Synthetic Dataset Continued

If the MLP is able to learn a sequence, and demonstrates that learning by producing the correct pattern for a particular input, then feedback should result in the network replaying the sequence. There is no difference between feeding the network state t+1 no matter where that pattern comes from. So why is the network apparently learning the sequence in the previous post, while feedback does not result in replaying the learned sequence?

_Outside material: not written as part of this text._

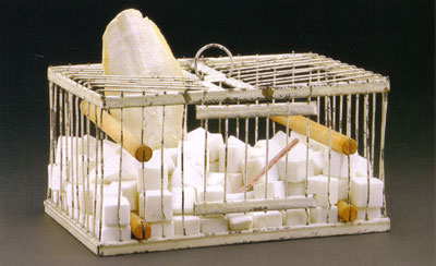 マルセル・デュシャン 《 ローズ・セラヴィ、なぜクシャミをしないの? 》 1921 此両者、同出而異名、 同謂之玄、玄之又玄、衆妙之門、 此の両つの者は、同じきより出でたるも而も名を異にす。 同じきものはこれを玄と謂う、玄のまた玄、衆妙の門なり。 『 老子 』 第一章 小さな鳥かごの中に、大理石の立方体とイカの甲、それに体温計。 ローズ・セラヴィ(別名マルセル・デュシャン)と呼ばれるイカの甲は、石灰質。 モダニスム風邪に感染した大理石の立方体(キュビスト)もまた、 同じ石灰質でありながら名を異にする。 大理石のもと(玄)の姿、その扁平さのお陰で、 ローズは鳥かご(モダニスムのパリ)を脱出し、 ニューヨークへ旅立つ。 |

The answer is that the network is not learning the sequence as well as it appears. This is evident in the fact that the non-discretized output of the network is quite dissimilar to the input patterns, even though the discretized version is. Thus what seems to happen is that any differences between the outputs and the desired state of the sequence accumulate through the feedback process such that even when the outputs are discretized, error seems to increase over multiple iterations of feedback. If this is indeed the problem, then the clear solution is to train the MLP such that error is so low that feedback results in replay. This is a bit of an issue in relation to over-fitting though, where the network replays only when those exact patterns are presented and thus is not tolerant to noise. In order to investigate this, I’ve trained a batch of MLPs with different parameters to determine which ones learn the best. Following is the error reported after each epoch of a number of different networks, all trained on the same data. Variables that have been changed are only whether the learning rate decreases over time, and the number of hidden units.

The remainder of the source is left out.